Ключевые слова: многоядерные микропроцессоры; кэш память; протоколы когерентности; тестовая система; верификация на основе моделей; автономная верификация

Для цитирования: Лебедев Д.А., Петроченков М.В. Тестовое окружение для верификации блока подсистемы памяти многопроцессорной системы. Труды ИСП РАН, том 31, вып. 3, 2019 г., стр. 67-76 (на английском языке). DOI: 10.15514/ISPRAS-2019-31(3)-6

1. Introduction

With the development of microprocessor technology and growth of the number of computational cores and CPUs in systems processor performance increases rapidly. Unfortunately, the speed of memory access is not growing as fast as the speed of the processor [1]. Thus, one of the biggest bottleneck elements become the memory subsystem. To level the difference in speed, designers of microprocessor systems implement a complex memory subsystem that includes cache hierarchy. State of the art microprocessor systems usually include 3-4 levels of cache memory. This approach is able to reduce the number of accesses to main memory, and, therefore, reduce memory access instructions average execution time.

In the multicore systems if multiple cores are simultaneously allowed to contain copies of a single memory location, the problem of maintaining memory consistency arises. A mechanism must exist to ensure that all copies remain consistent when the contents of that memory location are modified. Coherence protocols support such mechanism. Usually we have higher-level caches shared between cores and lower-level caches served by a single core. Complex systems that combine several multi-core processors may also have cache memory to speed up other processors' access to their memory.

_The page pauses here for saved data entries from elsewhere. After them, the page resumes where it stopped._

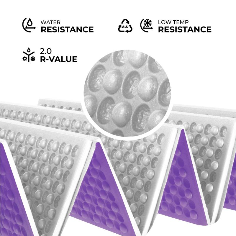Jadro karimatky je vyrobené z technickej peny XPE – materiálu, ktorý sa vyznačuje nízkou hmotnosťou, vynikajúcou odolnosťou proti deformácii a mechanickému poškodeniu. Pena XPE nesaje vodu, čo znamená, že karimatka zostáva suchá a pripravená na použitie aj v náročných terénnych podmienkach.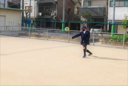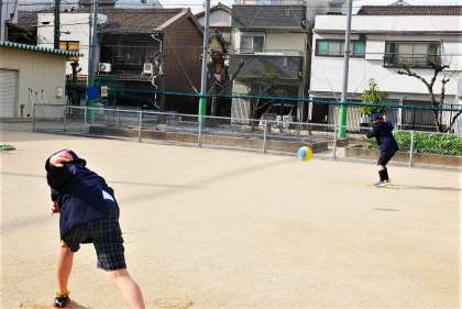ドッヂボール、鬼ごっこ、バレーボールと、いろいろな遊び方がありますが、子どもたちの中には、教室にあるボールを使って、「野球」をしている子どももいました。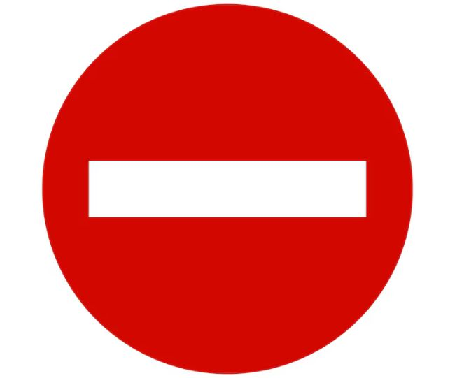 या चिन्हाचा अर्थ असा आहे की या रस्त्यावर किंवा लेनमध्ये प्रवेश करण्यास सक्त मनाई आहे. हे सहसा एकेरी रस्त्याच्या विरुद्ध बाजूला ठेवलेले असते.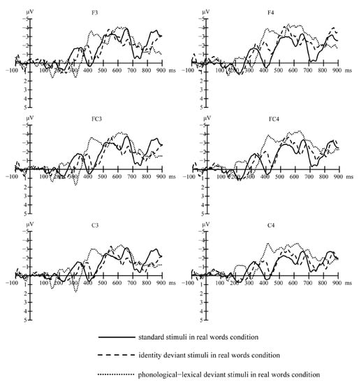 Based on the grand-average waveforms obtained from the experiment and MMN time windows in previous studies [,,], we chose 350–450 ms after the stimuli onset as the MMN time window for the real words’ condition and chose 200–300 ms after the stimuli onset as the MMN time window for the pseudo-words’ condition. We first took the Fz electrode as the reference point and detected the MMN peak latency in the time windows for the real and pseudo-words’ conditions. Then, based on the present experiment’s topography and MMN distributions [,], we selected six electrodes, F3, FC3, and C3 on the left scalp and F4, FC4, and C4 on the right scalp, and calculated the MMNs mean amplitudes with a moving time window ranging from 20 ms before the detected peak to 20 ms after that peak for each electrode.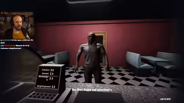 03:43:05Der Stream beginnt mit der Eröffnung eines kleinen, heruntergekommenen Eisladens. Der Betreiber, sichtlich unvorbereitet, stellt fest, dass die meisten Eissorten bereits leer sind und versucht, neue Eiscreme frisch anzumischen. Die ersten Kunden tauchen auf, ungewöhnliche und teure Bestellungen aufgeben, wie zum Beispiel Blaubeereis für 8 Dollar, und der Besitzer kämpft mit leeren Behältern, dem Mangel an Zutaten und der ungewöhnlichen Bezahlung in großen Scheinen, was zu ständigem Wechselgeldstress führt.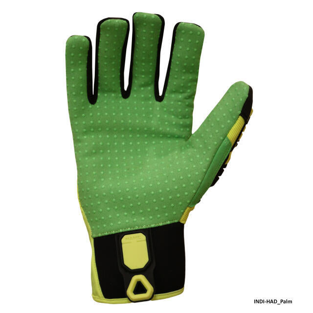 Impact Gloves, High Visibility Yellow/Green/Black, Palm Material Synthetic Leather, Palm Construction Antislip PVC Dots, Full, Back Material Nylon, Spandex, Knuckle Padding Material TPR, Cuff Gauntlet, Slip On Closure Type, Standards EN388, Right/Left Hand.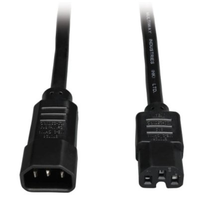 Power Extension Cord - C15 to C14, 100-250V, 15A, 14Awg, SJT - 6 ft P018-006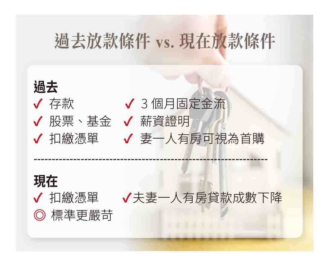 本刊調查,一對愛情長跑20年的夫妻,曾為大學班對,如今皆為41歲。兩人新婚時為就近照顧妻子的母親,選擇在北市文山區娘家附近購屋。後來母親過世,加上先生工作調動,全家原計劃搬遷至林口展開新生活,卻正好碰上央行祭出史無前例的「第二戶限貸五成」規範。

A large number of processors and processor cores and complexity of system data exchange organization makes coherence protocol very complicated. An implementation of cache coherence protocol is a complex and error-prone task. Errors of this kind are critical and difficult to detect on system-level verification. Thus, a memory subsystem and implementation of coherence protocols in HDL (Hardware Description Languages) models must be thoroughly verified [2]. There are two main methods for verification of memory subsystem: a simulation-based verification and formal verification [3]. Formal verification is used to mathematically prove the correctness of a DUV (Device Under Verification) model with respect to its specification. It is widely known that main advantage of formal methods is their exhaustiveness. Many works are devoted to this method [4-6]. Disadvantages of these methods are complexity of development and high specification requirements. Simulation-based methods are not exhaustive, but they can be applied at earlier stages of development and they are much simpler.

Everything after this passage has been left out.